Directions for this task: Word for word, copy all the data and drop the pictures.

Provided material:
··········

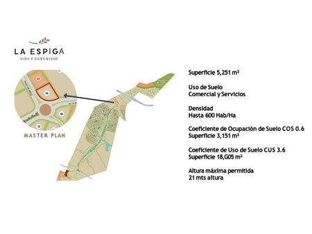 Presentamos un lote comercial de 5,251 m² en la exclusiva entrada del fraccionamiento La Espiga, una de las zonas de mayor crecimiento en Querétaro. Este desarrollo planeado de alto nivel combina vivienda, áreas comerciales, educativas y recreativas, todo dentro de una superficie de 288 hectáreas.
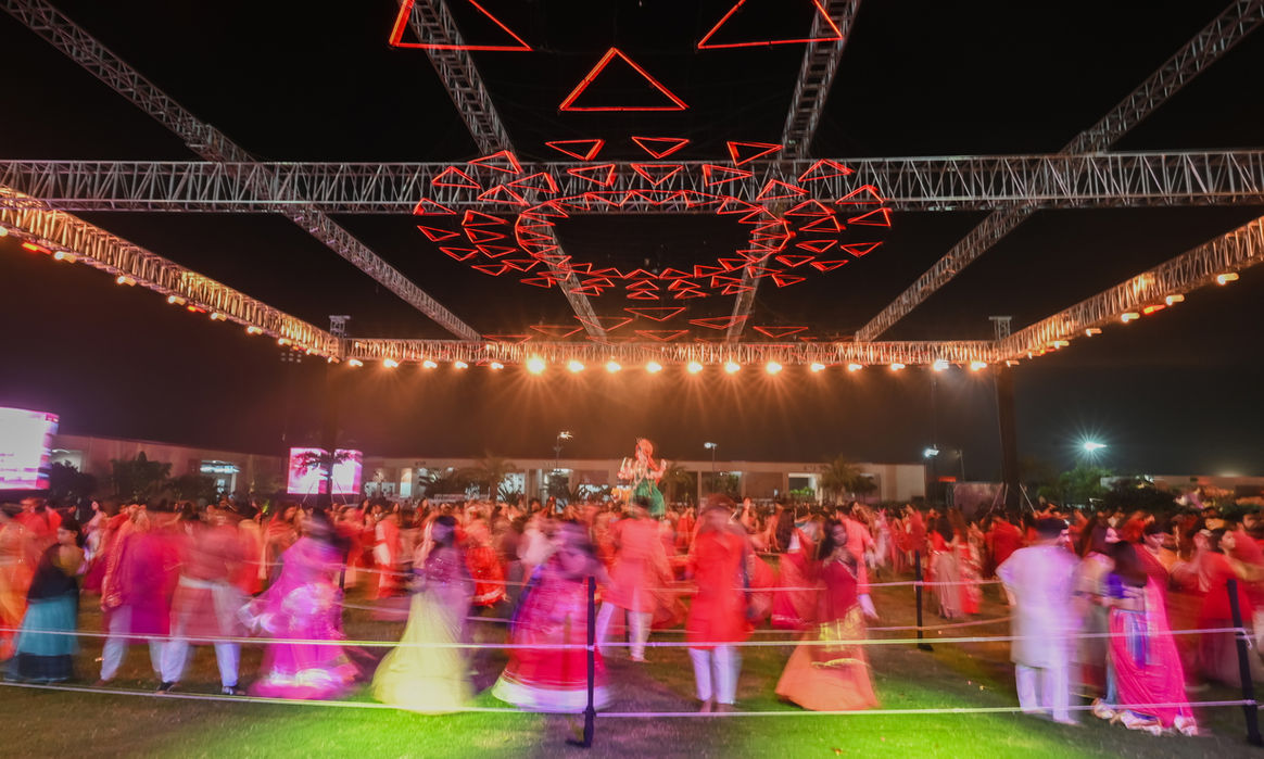 Scarlet Echoes captures the cultural richness of red and the rhythmic flow of Garba. “Scarlet” reflects the vibrance and fervor of this revered hue, while “Echoes” represents the lasting resonance of devotion through every beat and every step. The circular motion of Garba mirrors the cycles of life, time and divine energy, connecting tradition with the vibrant pulse of the present. We echo red and its many shades, celebrating collective well-being in an ambiance crafted for you to experience the magic of the starry night.
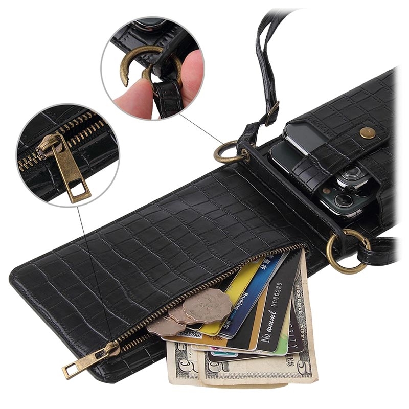 Zabalte si svůj smartphone, ID, kreditní karty a nějakou hotovost do této prémiové crossbody tašky a můžete vyrazit. Je vyrobena z vysoce kvalitního odolného polyuretanu s krokodýlí texturou a slitinovým zipem a přezkou, který bude vypadat skvěle a stylově. Na to je vnitřní make-up zrcátko vhodné pro rychlou kontrolu vašeho vzhledu, ať jste kdekoli.

··········

Expected output:
 Presentamos un lote comercial de 5,251 m² en la exclusiva entrada del fraccionamiento La Espiga, una de las zonas de mayor crecimiento en Querétaro. Este desarrollo planeado de alto nivel combina vivienda, áreas comerciales, educativas y recreativas, todo dentro de una superficie de 288 hectáreas.
 Scarlet Echoes captures the cultural richness of red and the rhythmic flow of Garba. “Scarlet” reflects the vibrance and fervor of this revered hue, while “Echoes” represents the lasting resonance of devotion through every beat and every step. The circular motion of Garba mirrors the cycles of life, time and divine energy, connecting tradition with the vibrant pulse of the present. We echo red and its many shades, celebrating collective well-being in an ambiance crafted for you to experience the magic of the starry night.
 Zabalte si svůj smartphone, ID, kreditní karty a nějakou hotovost do této prémiové crossbody tašky a můžete vyrazit. Je vyrobena z vysoce kvalitního odolného polyuretanu s krokodýlí texturou a slitinovým zipem a přezkou, který bude vypadat skvěle a stylově. Na to je vnitřní make-up zrcátko vhodné pro rychlou kontrolu vašeho vzhledu, ať jste kdekoli.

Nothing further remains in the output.